Вечером в деревне устраивалась коллективная трапеза с пивом, вареным мясом, пирогами, продукты на которую ссыпались, то есть собирались со всех дворов. Окончание жатвы каждой отдельной семьей также отмечалось в доме хорошим обедом, с «отжиночным пирогом» и «дожинальной яичницей».
Литература:
1. Агапкина Т. А. Мифопоэтические основы славянского народного календаря. Весенне-летний цикл. М, 2002; 2. Бернштам Т. А. Молодежь в обрядовой жизни русской общины XIX — начала XX в. Половозрастной аспект традиционной культуры. Л., 1988; 3. Кабакова Г. И. Антропология женского тела в славянской традиции. М., 2001; 4. Морозов И. А., Слепцова И. С. и др. Духовная культура Северного Белозерья: Этнодиалектный словарь. М., 1997; 5. Пашина О. А. Ареальное членение Смоленщины с точки зрения жатвенной обрядности // Слово и культура.
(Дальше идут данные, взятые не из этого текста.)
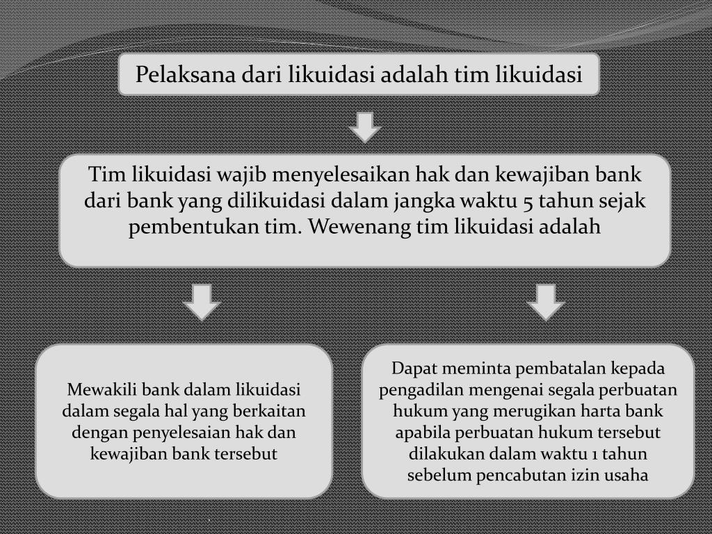 Pelaksanadarilikuidasiadalahtimlikuidasi Tim likuidasiwajibmenyelesaikanhakdankewajiban bank dari bank yang dilikuidasidalamjangkawaktu 5 tahunsejakpembentukantim. Wewenangtimlikuidasiadalah Mewakili bank dalamlikuidasidalamsegalahal yang berkaitandenganpenyelesaianhakdankewajiban bank tersebut Dapatmemintapembatalankepadapengadilanmengenaisegalaperbuatanhukum yang merugikanharta bank apabilaperbuatanhukumtersebutdilakukandalamwaktu 1 tahunsebelumpencabutanizinusaha .

Т. 2. М., 1998; 6. Русский праздник: Праздники и обряды народного земледельческого календаря / Под общей ред. И. И. Шангиной. СПб., 2001; 7. Славянские древности: Этнолингвистический словарь / Под общей ред. Н. И. Толстого. Т. 1. М., 1995; Т. 2. М., 1999; 8. Соколова В. К. Ве — сенне-летние календарные обряды русских, украинцев и белорусов. М., 1979; 9. Толстая С. М. Акциональный код символического языка культуры: движение в ритуале // Концепт движения в языке и культуре. М., 1996; 10. Шейн П. В. Материалы для характеристики быта и языка русского населения Северо-Западного края. СПб., 1902. Т. 3.